I’ll Write The Title After



A while back I was walking with a friend and we were discussing the buying of land. He suggested a wild idea: what if you paid someone over time for a plot of land, you could pay slightly more than the land was worth, to sweeten the deal for the person who had to wait for payment. You could also pay them a large-ish lump at the front end so they know you’re serious. 

This radical idea was a mortgage. Millions of us have them, they are the backbone of our economy. They are the fundamental financial instrument that defines most of our lives. What might be radical is suggesting a person-to-person mortgage system free of usury, that, of course, exists for devout Muslims, but that’s neither here nor there. 

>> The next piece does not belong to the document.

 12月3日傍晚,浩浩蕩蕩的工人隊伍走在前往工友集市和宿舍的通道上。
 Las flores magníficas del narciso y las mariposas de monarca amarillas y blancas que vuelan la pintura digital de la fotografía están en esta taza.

This is all to say that I am very wary of novel ideas. We all like to think we’re very clever, that we can improve the world because we have ideas that haven’t occured to anybody else just yet, that’s how clever we are. Most of the time, of course, we are not so clever. Most of the time we live in the real world and other terribly clever people have come up with things like thirty year fixed-rate mortgages with federally supported down payment options. 

The world is a place full of clever people out for themselves and eager to prevent abuse. The kingdom of Heaven this is not, but it does make for something about as fair as is reasonable to go down on this earthly plane.

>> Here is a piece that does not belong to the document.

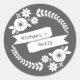 Un pegatina con un ilustracion de flores blancas y vegetación con una pancarta en el centro. Personaliza con nombres de novia y novio. Busque las invitaciones a la boda coincidentes y más en Jill's Paperie.
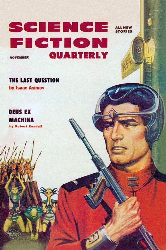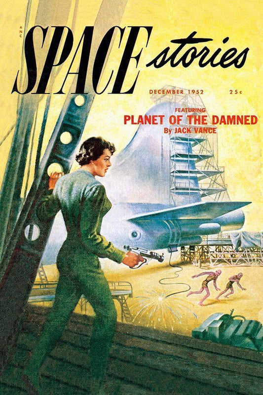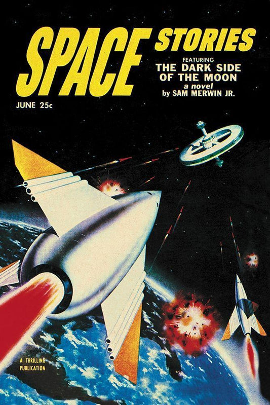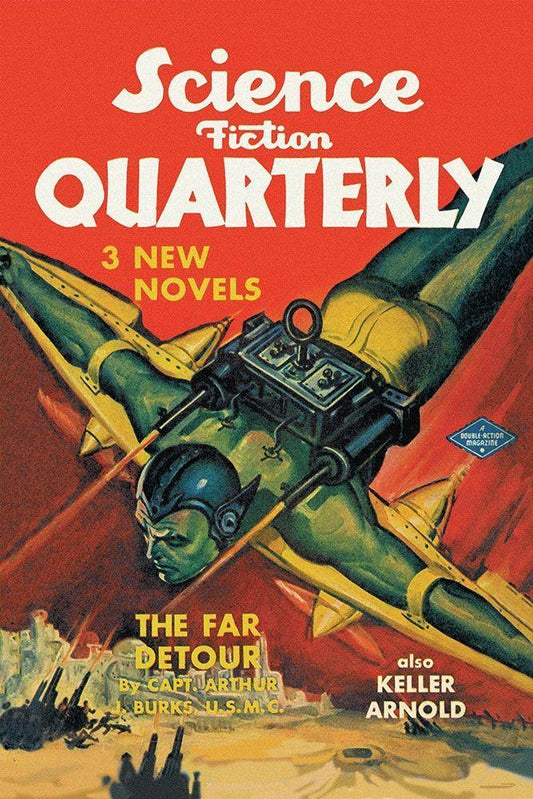 Science Fiction Quarterly: Attack from Atop Rocket Man White Modern Wood Framed Art Print with Double Matting by Retrosci-fi

That being said, I wonder if financial instruments could be used to make something unique and beautiful. 

The stock market appears to be as proven a way to make incremental financial gains as exists. It has been this way for over a century. I can’t speak to wether or not it will exist in another hundred years, but if that’s the case, we’ll have other things to worry about, or we won’t. 

Putting money in the stockmarket gives you more money. It might take a long time to recoup your losses, longer if you buy at some historic peak, but generally, that appears to be true. 

Most people take their money out of the stock market to retire or buy a house or some other large thing. People with loads of money leave their money in the stock market, taking out only the dividends they earn. At succifient levels it is self-sustaining to a reasonable quality of life.

If I believe that a certain way of life is beneficial to the human animal, and I had the money, could I build a place, vest it with a living will and a foundation that kept it going, and prevent its liquidation across the generations?

This place comes with a certain income. A third party trust determines how much of that income is necessary to maintain the property, pay taxes, and keep the steady state going, the rest is used for various improvements.

Certain people can live there, the income is such that they needn’t work. But they can never sell it, never rent it, or profit from it in some other way. It can only ever be a place for them or their chosen inheritor to live well.

I instantly get into questions of inheritance and growth and fairness to which I have no good answer. But what’s interesting to me is that I can actually imagine this place. A place that is financially independent and self-sustaining unto itself. Utterly unfeeling and non-fungible and therefore capable of good which the timely requirements of human beings are not. 

I don’t know, is that just a church?